Dans les différentes salles, des graffitis témoignent du passage des prisonniers en ces murs aux 18e et 19e siècles.
L’une des périodes sombres de la prison viendra au milieu du 19e siècle. En effet, le 2 décembre 1851, lors du coup d’État de Napoléon III, tous les anti-bonapartistes, ou supposés comme tels, seront enfermés. À Moulins, de nombreuses arrestations ont lieu, obligeant à installer des prisonniers jusque dans les combles de la tour. Les mitards, petits cachots sombres, humides et insalubres, situés en sous-sols sont alors utilisés comme moyen de torture passive afin d’attiser la délation.
Le 18 juin 1940, les troupes allemandes arrivent à Moulins. La nouvelle ligne de démarcation entre la zone libre et la zone occupée passe à Moulins, au niveau du pont Régemortes.
Dès leur arrivée, les Allemands réquisitionnent la Mal Coiffée. Les prisonniers de droits communs et les surveillants sont envoyés dans d'autres prisons et elle devient, en 1941, la seule prison française de la Wehrmacht, gérée par des Allemands.
Les Juifs et les personnes soupçonnées d'appartenir à la Résistance sont les principaux détenus de cette prison. Il est impossible de connaître exactement le nombre de prisonniers enfermés pendant cette période à la Mal Coiffée car l'armée allemande a brûlé tous les registres d'écrous lors de leur départ du site à la fin de la guerre. Il semble toutefois que l'effectif ait varié de 300 à 400 détenus, selon le rythme des déportations et l'intensité de la répression menée contre la Résistance.
À la fin du mois d'août 1944, alors que les forces d'occupation évacuent l'Allier, la majeure partie des prisonniers est libérée. Parmi ceux-ci figurent deux membres importants de la Résistance : Robert Fleury qui deviendra préfet de l'Allier, et Maurice Tinland, futur maire de Moulins. Cependant, 66 personnes sont retenues par les Allemands pour être déportées, le 25 août, dans un ultime convoi vers les camps d'extermination allemands.
La prison est vide lorsque les derniers éléments de la garnison allemande quittent Moulins quelques jours plus tard.
À la libération de la ville, le 6 septembre 1944, la Mal Coiffée accueille des personnes internées pour des faits de collaboration.

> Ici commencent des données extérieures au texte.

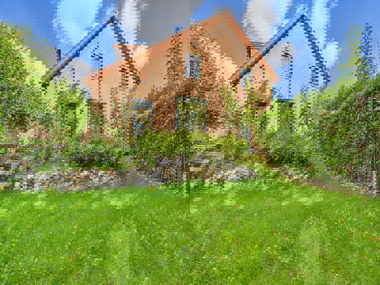 De woning bestaat uit een ontvangstruimte met toegang tot het terras en een toilet bij de ingang, een ruime woonkamer met toegang tot de tuin, een halfopen keuken en een kantoor of slaapkamer. Boven bevinden zich een nachthal, drie slaapkamers, waarvan één met een en-suite badkamer met douche en toilet, een tweede badkamer met douche en toilet, en een terras. In de kelder bevinden zich de kelders en de technische ruimte/wasruimte. Er is een overdekte parkeerplaats binnen; de toegang is via een recht van overpad met de aangrenzende woning in de aanbouw. ​​Recente condensatieketel, zonnepanelen, dubbele beglazing, PEB daterend van vóór de technische renovatie, momenteel in G, 407 kWh/m²/jaar, 81 kgCO²/m²/jaar. Een gewilde buurt, bezoek snel.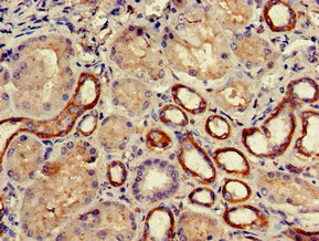Immunohistochemistry of paraffin-embedded human kidney tissue using CSB-PA839305LA01HU at dilution of 1:100

Elle retrouve également sa fonction de prison de droit commun.
Encore aujourd'hui, les mitards et les grands cachots situés sous la tour, ainsi que les nombreux graffitis laissés par les prisonniers dans ces espaces, rendent compte de cette page sombre de notre Histoire.
Jusqu'en 1983, la prison de Moulins occupera les murs du château des ducs de Bourbon. Si les mitards ne sont plus utilisés depuis la guerre, les cours de promenade et les dortoirs permettent de découvrir une partie méconnue de l'histoire carcérale du lieu. C'est seulement au moment de l'ouverture du centre pénitentiaire d'Yzeure que la Mal Coiffée fermera définitivement ses portes...
Le site est racheté 1 franc symbolique par le Conseil départemental de l'Allier en 1986. Après différents travaux de sécurisation et d'importantes campagnes de fouilles menées par le SAPDA, le château des ducs de Bourbon rouvre ses portes au public depuis 2013 pour des visites estivales.